I hope you have happy goals for this new year, and that 2014 is a year full of good things for you and yours.

In Memory of Tink

On Tuesday night, we began decorating our Christmas tree, and I hung up some of my most special, most prized ornaments:

little crocheted angel

little crocheted angel

I have ten of these incredibly intricate crocheted angels. They are so precious to me not just because they are handmade, but because they were made by someone very dear to me. Leila Claire “Tink” DuVall was a founding member of my first congregation (I am a church pastor) in rural southwest Georgia. It was a small church in a small town, and we were a close-knit little group. Tink lived down the street from our church building, in the nursing home, where she had lived for decades; she was physically-disabled and was in a wheelchair. Every Sunday, she would come down the road in her wheelchair for church.

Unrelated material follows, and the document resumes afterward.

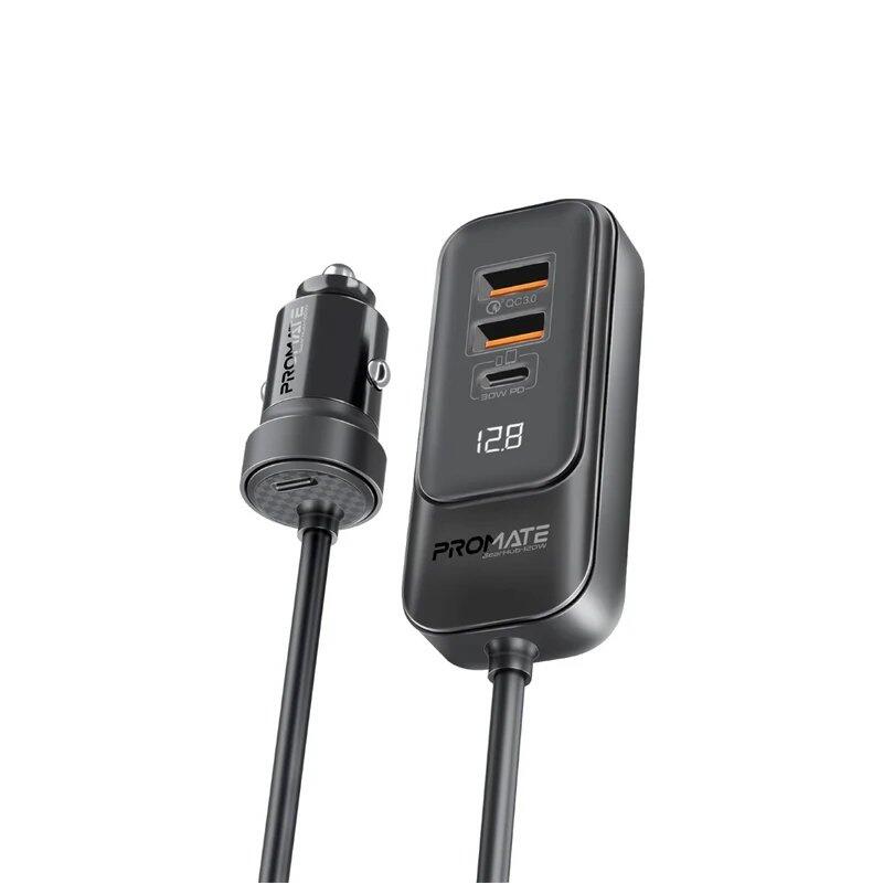 Promate GearHub-120W ir 4 portu automašīnas lādētājs, kas atbalsta Power Delivery un Quick Charge 3.0 tehnoloģijas , ar kopējo jaudu 120 W. Tam ir centrmezgls ar 1,5 metru garu kabeli , kas ļauj aizmugurē sēdošajiem pasažieriem uzlādēt ierīces, savukārt vadītājs un priekšējais pasažieris var izmantot cigarešu šķiltavā iebūvēto USB-C uzlādes portu.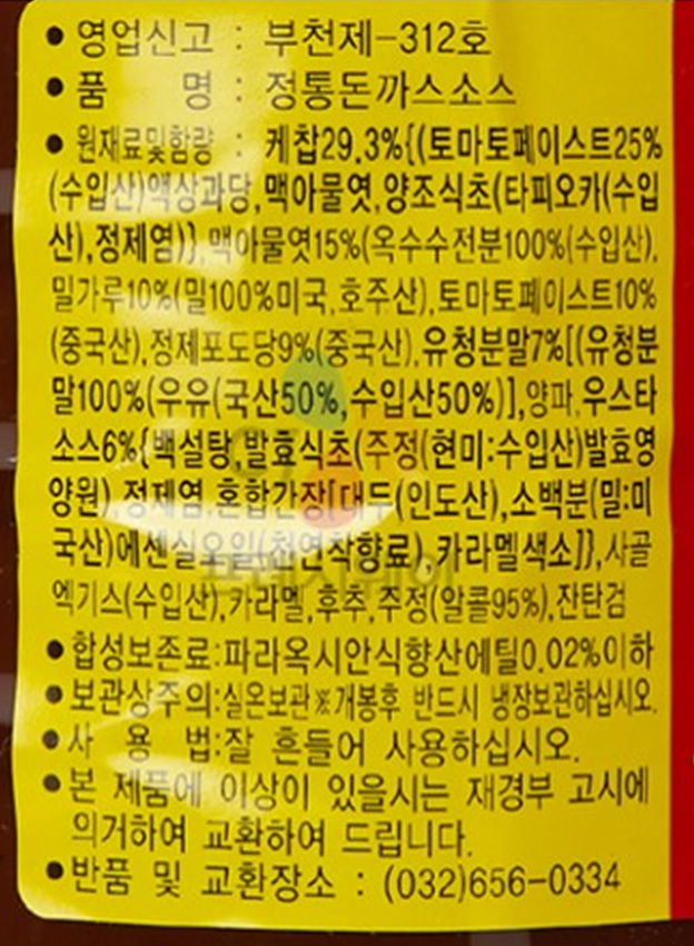 원재료명 및 함량

Tink was a crocheter and a knitter, and I believe she did other handicrafts as well. As you can see, she excelled at the very tiny detail work. She gave these angels to me my last Christmas in Georgia, a week before I moved up here to Ann Arbor. I adore them, and look forward to hanging them on my tree each year. As I hung them up this past Tuesday night, I thought of Tink with gratitude and admiration. I always treasured these angels, but it was only once I learned how to knit and crochet that I truly understood the skill, the work, the time, and the patience involved in making these. There is no way I could ever make one of these angels, let alone ten, let alone the many I know she has made over the years and given away. It truly staggers me to consider.

Last night I got a phone call from Tink’s brother, another person very dear to me. He called to tell me that Tink died on Tuesday, killed when an ambulance that was transporting her to the hospital (due to illness) had a wreck. It is such a shock, and such a loss, and it has weighed on me all day. At the same time, I feel a sense of awe and connection, knowing that on the same day she died, I was thinking of her, touching gifts she had made with her own hands for me years ago, being touched by her life and by her generosity and by the many gifts she gave me and others. I am so grateful to have her legacy gracing our tree, and to have had her life touch mine.